WHAT IS NEEDED - Below are the records; copy out every line that holds the word "para".

GIVEN DATA -
= Beginning of Section =

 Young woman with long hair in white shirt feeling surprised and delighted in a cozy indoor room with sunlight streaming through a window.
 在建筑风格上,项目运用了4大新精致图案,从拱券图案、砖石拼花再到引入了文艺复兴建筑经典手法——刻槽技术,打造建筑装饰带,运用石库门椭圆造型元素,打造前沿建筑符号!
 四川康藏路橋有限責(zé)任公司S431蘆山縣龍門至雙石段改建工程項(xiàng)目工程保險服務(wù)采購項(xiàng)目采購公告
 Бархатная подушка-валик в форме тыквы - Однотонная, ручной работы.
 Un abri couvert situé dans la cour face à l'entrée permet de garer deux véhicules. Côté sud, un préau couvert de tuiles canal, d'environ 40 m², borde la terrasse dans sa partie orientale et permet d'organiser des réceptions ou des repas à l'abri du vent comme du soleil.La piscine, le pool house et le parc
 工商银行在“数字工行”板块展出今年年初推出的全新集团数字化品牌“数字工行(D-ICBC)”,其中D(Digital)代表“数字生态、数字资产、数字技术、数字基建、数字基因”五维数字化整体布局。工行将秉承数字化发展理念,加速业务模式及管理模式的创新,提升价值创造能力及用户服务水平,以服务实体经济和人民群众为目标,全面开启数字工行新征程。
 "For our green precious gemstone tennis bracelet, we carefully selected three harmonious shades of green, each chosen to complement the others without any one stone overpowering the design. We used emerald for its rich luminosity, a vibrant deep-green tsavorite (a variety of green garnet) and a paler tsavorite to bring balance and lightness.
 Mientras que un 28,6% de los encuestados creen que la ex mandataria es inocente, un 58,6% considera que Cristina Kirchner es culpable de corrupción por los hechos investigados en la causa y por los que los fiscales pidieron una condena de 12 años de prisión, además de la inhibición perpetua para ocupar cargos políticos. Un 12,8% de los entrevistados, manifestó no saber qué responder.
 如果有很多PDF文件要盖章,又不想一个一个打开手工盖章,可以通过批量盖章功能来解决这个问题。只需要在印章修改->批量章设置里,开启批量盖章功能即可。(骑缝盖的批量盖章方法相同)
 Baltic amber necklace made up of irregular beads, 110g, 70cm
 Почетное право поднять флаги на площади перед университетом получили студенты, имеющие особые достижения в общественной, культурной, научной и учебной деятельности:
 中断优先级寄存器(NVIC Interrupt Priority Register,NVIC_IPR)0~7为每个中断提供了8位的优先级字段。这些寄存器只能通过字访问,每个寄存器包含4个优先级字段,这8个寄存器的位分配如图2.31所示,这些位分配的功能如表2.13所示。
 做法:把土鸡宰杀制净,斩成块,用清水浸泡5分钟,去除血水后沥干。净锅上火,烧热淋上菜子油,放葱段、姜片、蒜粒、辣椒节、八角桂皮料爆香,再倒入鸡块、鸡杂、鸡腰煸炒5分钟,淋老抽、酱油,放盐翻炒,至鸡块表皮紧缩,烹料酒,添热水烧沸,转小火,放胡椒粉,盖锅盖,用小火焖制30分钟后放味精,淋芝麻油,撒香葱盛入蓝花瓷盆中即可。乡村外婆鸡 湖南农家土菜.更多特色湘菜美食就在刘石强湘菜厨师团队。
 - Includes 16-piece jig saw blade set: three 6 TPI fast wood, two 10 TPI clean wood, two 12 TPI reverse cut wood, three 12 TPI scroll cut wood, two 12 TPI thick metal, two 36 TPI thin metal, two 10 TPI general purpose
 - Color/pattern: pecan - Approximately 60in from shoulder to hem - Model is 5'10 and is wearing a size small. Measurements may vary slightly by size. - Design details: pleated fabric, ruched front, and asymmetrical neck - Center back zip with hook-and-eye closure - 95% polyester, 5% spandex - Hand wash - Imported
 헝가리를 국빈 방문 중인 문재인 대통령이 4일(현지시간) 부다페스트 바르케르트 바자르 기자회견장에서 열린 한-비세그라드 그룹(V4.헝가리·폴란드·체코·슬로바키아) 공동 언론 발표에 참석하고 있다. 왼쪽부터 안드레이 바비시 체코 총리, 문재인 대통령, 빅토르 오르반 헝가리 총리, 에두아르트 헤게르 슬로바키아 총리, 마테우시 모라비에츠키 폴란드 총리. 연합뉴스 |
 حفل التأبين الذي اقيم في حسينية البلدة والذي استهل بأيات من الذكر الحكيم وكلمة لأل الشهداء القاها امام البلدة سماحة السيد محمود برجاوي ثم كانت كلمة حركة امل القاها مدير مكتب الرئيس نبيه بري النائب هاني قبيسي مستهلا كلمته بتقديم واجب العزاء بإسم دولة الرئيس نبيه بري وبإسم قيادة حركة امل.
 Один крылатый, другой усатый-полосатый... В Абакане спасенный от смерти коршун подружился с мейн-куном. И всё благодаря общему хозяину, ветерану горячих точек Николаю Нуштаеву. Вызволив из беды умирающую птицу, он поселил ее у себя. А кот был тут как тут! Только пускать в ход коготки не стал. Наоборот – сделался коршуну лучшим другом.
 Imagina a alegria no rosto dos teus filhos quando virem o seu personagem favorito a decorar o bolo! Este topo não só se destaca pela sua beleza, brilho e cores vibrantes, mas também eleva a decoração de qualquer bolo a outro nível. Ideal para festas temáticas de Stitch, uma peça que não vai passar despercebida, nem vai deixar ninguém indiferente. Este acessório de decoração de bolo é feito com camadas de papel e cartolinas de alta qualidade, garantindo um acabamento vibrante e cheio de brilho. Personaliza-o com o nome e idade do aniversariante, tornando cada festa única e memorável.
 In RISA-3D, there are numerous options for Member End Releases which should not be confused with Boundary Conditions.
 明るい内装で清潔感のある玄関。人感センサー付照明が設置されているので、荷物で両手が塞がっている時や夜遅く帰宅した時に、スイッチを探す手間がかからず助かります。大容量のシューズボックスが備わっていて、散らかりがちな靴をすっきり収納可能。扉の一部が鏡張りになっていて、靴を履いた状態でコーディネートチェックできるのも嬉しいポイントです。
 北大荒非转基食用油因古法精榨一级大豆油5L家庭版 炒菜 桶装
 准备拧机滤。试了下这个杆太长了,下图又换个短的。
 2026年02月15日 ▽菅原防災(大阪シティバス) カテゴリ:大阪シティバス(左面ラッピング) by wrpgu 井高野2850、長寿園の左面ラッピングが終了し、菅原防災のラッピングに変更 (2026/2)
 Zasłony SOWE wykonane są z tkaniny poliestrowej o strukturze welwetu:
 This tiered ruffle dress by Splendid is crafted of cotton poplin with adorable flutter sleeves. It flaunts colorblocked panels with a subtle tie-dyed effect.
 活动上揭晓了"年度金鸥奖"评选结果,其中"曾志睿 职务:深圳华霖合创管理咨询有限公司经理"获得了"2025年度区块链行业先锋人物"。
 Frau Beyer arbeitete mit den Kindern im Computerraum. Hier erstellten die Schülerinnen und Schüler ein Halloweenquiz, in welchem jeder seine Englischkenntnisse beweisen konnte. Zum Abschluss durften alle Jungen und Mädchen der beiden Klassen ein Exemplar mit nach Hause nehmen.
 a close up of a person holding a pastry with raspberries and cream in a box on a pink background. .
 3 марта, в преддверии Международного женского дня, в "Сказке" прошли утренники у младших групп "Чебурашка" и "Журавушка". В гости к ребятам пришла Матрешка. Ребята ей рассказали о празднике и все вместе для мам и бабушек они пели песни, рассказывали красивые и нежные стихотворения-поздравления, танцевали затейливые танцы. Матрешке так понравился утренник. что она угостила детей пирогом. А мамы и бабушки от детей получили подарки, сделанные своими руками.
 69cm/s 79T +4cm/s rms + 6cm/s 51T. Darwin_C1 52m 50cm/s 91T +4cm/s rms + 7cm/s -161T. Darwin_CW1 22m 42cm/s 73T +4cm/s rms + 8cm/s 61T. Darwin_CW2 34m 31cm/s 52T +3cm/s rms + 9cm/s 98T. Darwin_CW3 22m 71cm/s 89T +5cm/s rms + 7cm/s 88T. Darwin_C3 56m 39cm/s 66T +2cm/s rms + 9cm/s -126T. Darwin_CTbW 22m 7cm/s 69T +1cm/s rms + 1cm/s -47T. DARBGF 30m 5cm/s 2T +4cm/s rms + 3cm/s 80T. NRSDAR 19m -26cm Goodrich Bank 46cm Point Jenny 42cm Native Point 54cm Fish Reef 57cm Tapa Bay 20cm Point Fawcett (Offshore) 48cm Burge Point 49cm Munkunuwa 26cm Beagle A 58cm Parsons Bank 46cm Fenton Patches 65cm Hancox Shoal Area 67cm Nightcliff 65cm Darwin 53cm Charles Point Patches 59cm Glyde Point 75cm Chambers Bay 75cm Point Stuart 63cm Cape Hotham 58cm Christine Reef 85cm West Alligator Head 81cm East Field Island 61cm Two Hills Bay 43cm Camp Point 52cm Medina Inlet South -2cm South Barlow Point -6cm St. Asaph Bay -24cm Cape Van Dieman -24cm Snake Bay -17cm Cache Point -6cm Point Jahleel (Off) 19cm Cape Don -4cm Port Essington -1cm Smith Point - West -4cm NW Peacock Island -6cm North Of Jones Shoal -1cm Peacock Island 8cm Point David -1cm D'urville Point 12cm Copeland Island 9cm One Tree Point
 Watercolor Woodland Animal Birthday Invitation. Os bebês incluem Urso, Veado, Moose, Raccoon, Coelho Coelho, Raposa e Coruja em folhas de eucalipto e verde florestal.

= End of Section =

RESULT BELOW -
 Mientras que un 28,6% de los encuestados creen que la ex mandataria es inocente, un 58,6% considera que Cristina Kirchner es culpable de corrupción por los hechos investigados en la causa y por los que los fiscales pidieron una condena de 12 años de prisión, además de la inhibición perpetua para ocupar cargos políticos. Un 12,8% de los entrevistados, manifestó no saber qué responder.
 Imagina a alegria no rosto dos teus filhos quando virem o seu personagem favorito a decorar o bolo! Este topo não só se destaca pela sua beleza, brilho e cores vibrantes, mas também eleva a decoração de qualquer bolo a outro nível. Ideal para festas temáticas de Stitch, uma peça que não vai passar despercebida, nem vai deixar ninguém indiferente. Este acessório de decoração de bolo é feito com camadas de papel e cartolinas de alta qualidade, garantindo um acabamento vibrante e cheio de brilho. Personaliza-o com o nome e idade do aniversariante, tornando cada festa única e memorável.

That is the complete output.